Отвечая на все эти вопросы, каждое из изданий – журнал «Айкап» («Зеркало») и газета «Цазак» («Казах») – в основном придерживалось своей линии, причем в каждой в разных пропорциях сочетались географический детерминизм и социальный эволюционизм. Хотя это были противоположные линии, кое в чем они совпадали, и ни одно из этих изданий полностью не отвергало оседлость[533]. Время кочевничества прошло в силу политических обстоятельств и естественных законов. Это, однако, не означало, что существовало согласие в том, какой тип оседлости лучше всего подошел бы казахам на их земле. Одна группировка («Айкап») склонялась к тому, чтобы почти полностью отказаться от скотоводства в пользу развития земледелия, тогда как другая («Казах»), напротив, выступала за оседлое, интенсивное и ориентированное на рынок скотоводство. Если конечная цель – самоусиление путем просвещения и оседания на земле – была единой, то представления авторов этих изданий о местной среде сильно различались.

Группа вокруг «Айкапа» в целом демонстрировала меньшую озабоченность качеством земли как таковой, чем отходом казахов от кочевого скотоводства. В каждом уголке степи, утверждал один из авторов журнала, казахи открывали для себя целый ряд занятий, выходящих за рамки традиционного скотоводства, занятий, возможных только при полном отказе от кочевничества:

Посмотрев на кокандских казахов, я увижу казахов, ставших владельцами огромных садов, начавших сеять рис и хлопок, живущих очень хорошо. В Астрахани они живут рыбной ловлей на побережье, в Троицке, Атбасаре, Петропавловске, Омске, Семее, Заречном и Караоткеле казахи живут торговлей; я вижу, что наши юноши, получившие образование, работают делопроизводителями, переводчиками, писарями, секретарями, учителями, фельдшерами, врачами, адвокатами, судьями и инженерами [Там же].

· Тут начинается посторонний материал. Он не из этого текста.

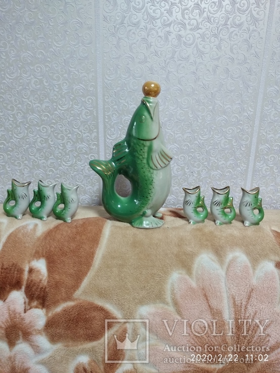 Сервиз под названием "Семейство карпов", а в народе просто "Рыбки" — это графинчик объемом около 700 мл и стопочки на 30-40 мл. Поскольку пить из них было не очень удобно (в силу особенностей статуэтки питье часто проливалось мимо рта), то эти сервизы стояли в сервантах как дань моде.

Точно так же более поздний автор под псевдонимом «Цазакемес» («Не казах») утверждал, что казахи всегда отличались экономическим разнообразием: кто-то сеял, кто-то разводил скот, кто-то кочевал, кто-то – нет [Там же: 172]. Таким образом, оседлость и хлебопашество не так уж чужды историческому опыту казахов. Скорее, рассматривая казахов как часть всеобщей истории, можно сказать, что они должны были осесть. Повсюду, когда плотность населения увеличивалась, люди селились на земле. Почему казахи должны быть другими? [Там же: 102].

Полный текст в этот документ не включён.